Commit ecf8fab8 authored by Dario Pinto's avatar Dario Pinto
Browse files

add 2 articles + 4 assets + update

parent 832ac67f
title=The Generic Syntax Extension
authors=Çagdas Bozman
OCaml 4.01 with its new feature to disambiguate constructors allows to do a nice trick: a simple and generic syntax extension that allows to define your own syntax without having to write complicated parsetree transformers. We propose an implementation in the form of a ppx rewriter.
it does only a simple transformation: replace strings prefixed by an operator starting with ! by a series of constructor applications
for instance:
!! "hello 3"
is rewriten to
!! (Start (H (E (L (L (O (Space (N3 (End))))))))

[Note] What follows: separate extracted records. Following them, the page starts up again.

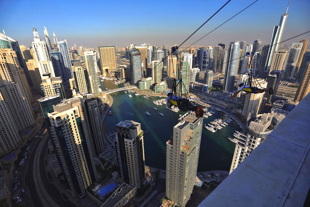 W Dubaju uruchomiono najdłuższą tyrolkę na świecie. Jej długość to 1 km, prędkość 80 km / h, wysokość 170 metrów – wszystko to razy dwa. Nowa Marina XLine Promenade w Dubai Marina zapewnia podwójną dawkę adrenaliny!
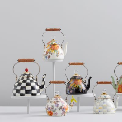 Bubbling over with MacKenzie-Childs style, our Black Flower Market 2 Quart Tea Kettle will have you finding new reasons to put the kettle on to boil. The heavy-gauge steel underbody is glazed with lush garden hues, hand decorated with fanciful botanical decals, and rimmed in bronzed stainless steel. Wood handle and glass-topped lid. Gorgeous filled with fresh-cut flowers or greens, too.
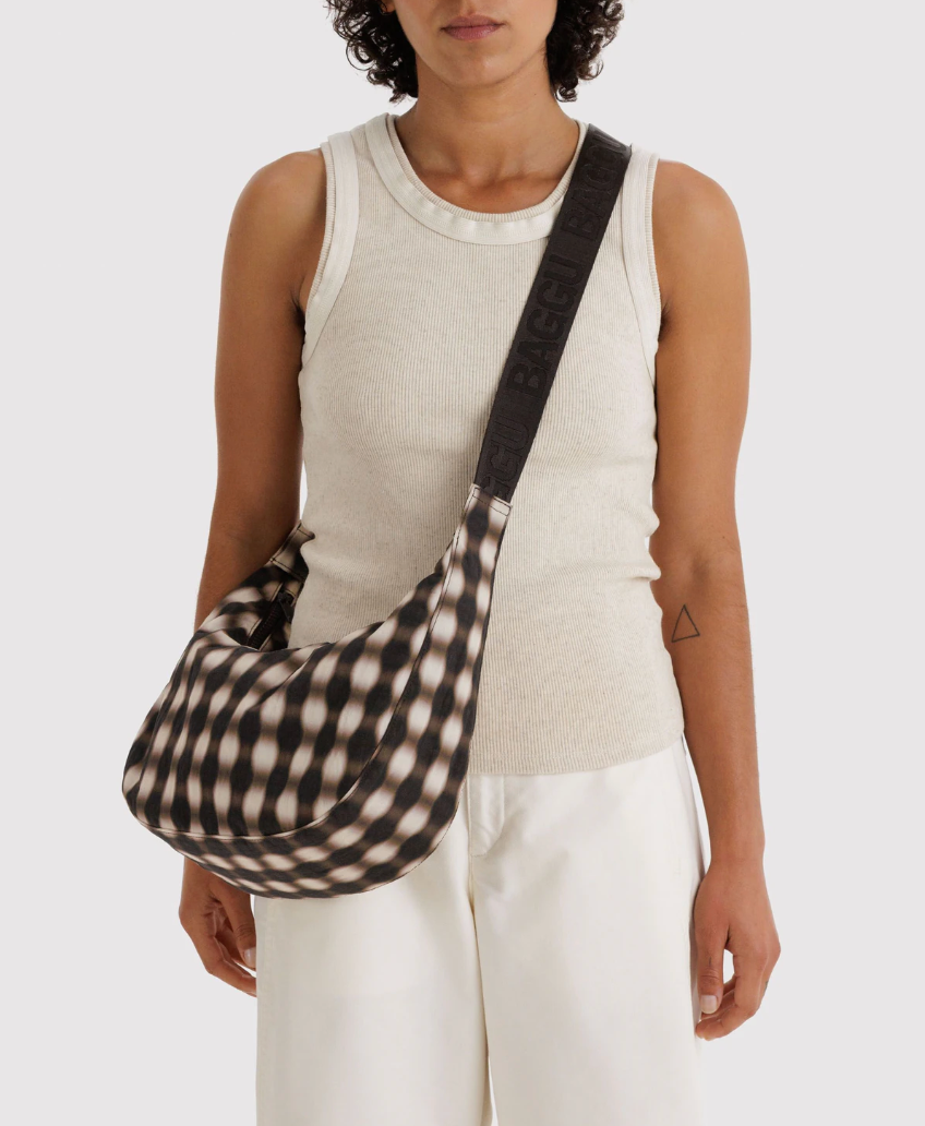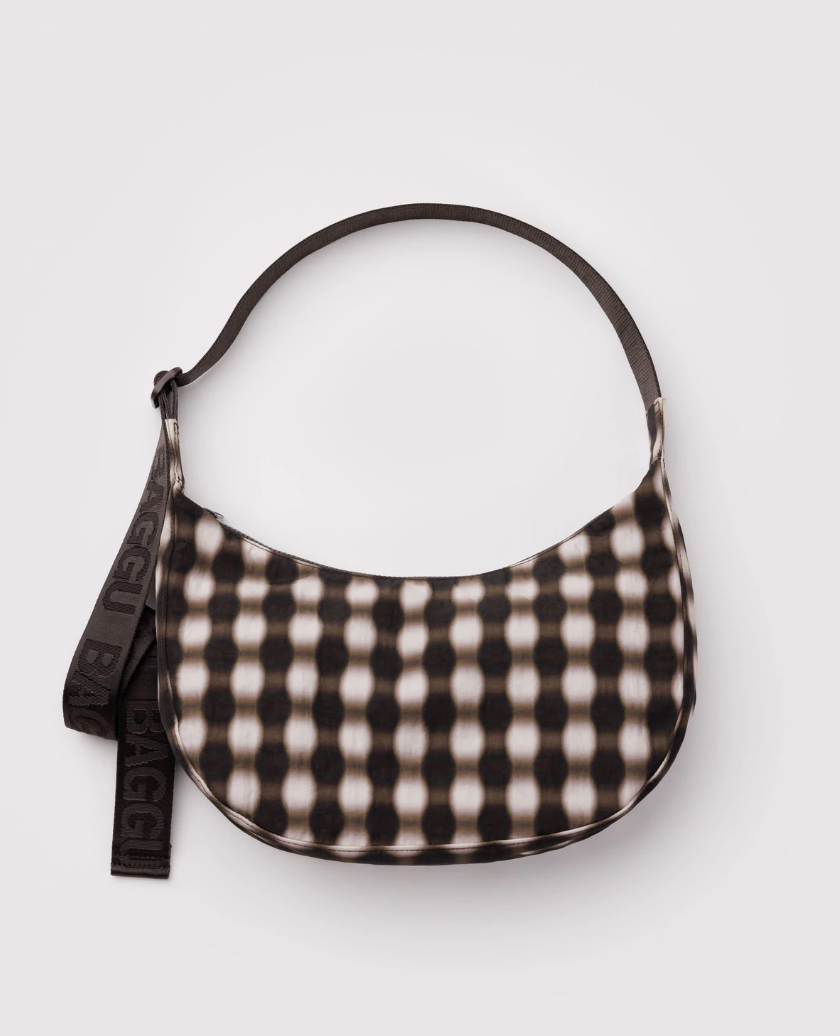 Medium Nylon Crescent Bag - Blurred Gingham Brown
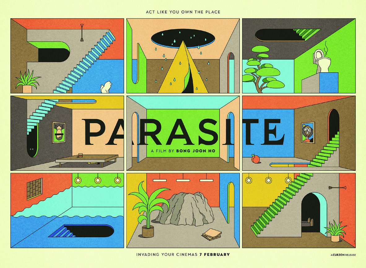 영화 〈기생충〉의 영국 개봉에 맞춰 포스터 작업을 한 디자인 스튜디오 라 보카La Boca의 스콧 벤달Scot Bendall이 밝힌 디자인 스토리다. 아카데미가 열리기 며칠 전 주고받은 이메일에서 그는 〈기생충〉을 세 번 봤고, 그 횟수는 계속 더해질 것이라고 했다. 아카데미 시상식이 끝난 지금, 라 보카가 또 다른 버전의 포스터를 발표한다면 이젠 그 속에 3개의 오스카 트로피를 더 숨겨야 할 것이다. 2020년 아카데미에서 〈기생충〉이 수상한 부문은 작품상, 감독상, 각본상, 국제장편영화상에 이르기까지 모두 4개에 달하니까 말이다.
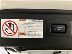 バックドアの底部にパワーバックドアとイージークローザーの取り扱いに関する説明と注意を記入したステッカーが貼ってあります。
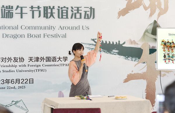 刘怡蔓表示,端午节作为中国人民对以爱国诗人屈原为代表的爱国先驱表达缅怀之情、崇敬之意的传统节日,凝聚着我们的民族精神和情感,是中华民族文化遗产的重要组成部分,也是展示和传播优秀民族文化的重要载体。当前,在全市上下积极筹备世界经济论坛第十四届新领军者年会暨2023天津夏季达沃斯论坛之时,特意邀请“身边的国际社会”习汉礼、学汉语、包粽子、挂香袋,中西文化合璧交融。希望大家通过此次活动,进一步深入了解中国传统节日的深刻内蕴,近距离感受中华民族传统文化的无限魅力。
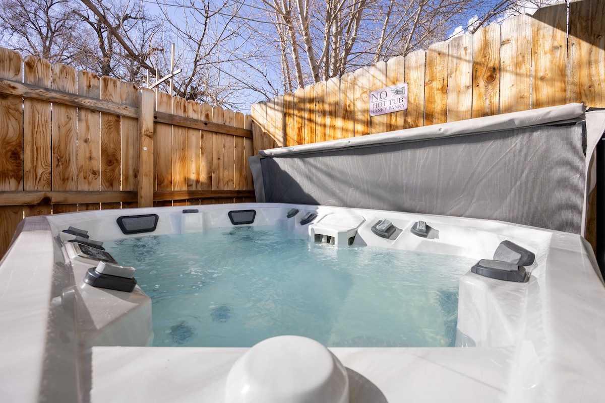 Esta hermosa casa privada se encuentra en una ubicación privilegiada, a solo dos manzanas del centro de la ciudad, pero con un ambiente de barrio completo. ¡Jacuzzi privado! ¡A poca distancia a pie de restaurantes y cafeterías! Dos camas se encuentran arriba. Cocina totalmente equipada para que sea fácil cocinar fuera de casa. Patio privado vallado con asientos y parrilla. Smart TV y wifi disponibles. Artículos para familias y niños disponibles bajo petición. ¡El fácil acceso a la autopista y la ubicación céntrica dentro de la ciudad harán que ser turista sea fácil! *propiedad para no fumadores*
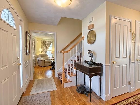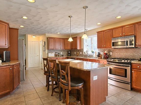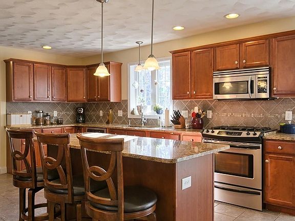 Wonderful Lake view, Lots of well thought out spaces in this lovely 5-bedroom colonial on a corner lot with perennial gardens and pretty plantings. Large spacious sunny rooms, Tiled eat in kitchen with granite counter tops, stainless steel appliances, center island and slider to back deck. Formal hwf dining room with lots of architectural detail including wainscoting & moldings, Bright foyer and open hardwood living room with electric fireplace (included) 1/2 bath: Second floor offers a large master bedroom with walk in closet and Tiled Master bath with double sinks and Jacuzzi tub. Three more bedrooms and full tiled bath finish off second floor. Walk up attic offers potential for future expansion. Lower level has walk out bonus room w/ kitchenette + full private bath w/ stand up shower & laundry, (washer and dryer are included) Would make a great teen suite or mother-in-law apartment. Video security system. Walk to town beach & playground! Location is ideal for commuters, just minutes to highway and Burlington Line!

How is that generic ? We will present you a few examples.
#### Base 3 Numbers
For instance, if you want to declare base 3 arbitrary big numbers, let’s define a syntax for it. We first start by declaring some types.
type start = Start of p
and p =
| N0 of stop
| N1 of q
| N2 of q
and q =
| N0 of q
| N1 of q
| N2 of q
| Underscore of q
| End
and stop = End
This type will only allow to write strings matching the regexp 0 | (1|2)(0|1|2|_)*. Notice that some constructors appear in multiple types like N0. This is not a problem since constructor desambiguation will choose for us the right one at the right place. Let's now define a few functions to use it:
open Num
let rec convert_p = function
| N0 (End) -> Int 0
| N1 t -> convert_q (Int 1) t
| N2 t -> convert_q (Int 2) t
and convert_q acc = function
| N0 t -> convert_q (acc */ Int 3) t
| N1 t -> convert_q (Int 1 +/ acc */ Int 3) t
| N2 t -> convert_q (Int 2 +/ acc */ Int 3) t
| Underscore t -> convert_q acc t
| End -> acc
let convert (Start p) = convert_p p
# val convert : start -> Num.num = <fun>
And we can now try it:
let n1 = convert (Start (N0 End))
# val n1 : Num.num = <num 0>
let n2 = convert (Start (N1 (Underscore (N0 End))))
# val n2 : Num.num = <num 3>
let n3 = convert (Start (N1 (N2 (N0 End))))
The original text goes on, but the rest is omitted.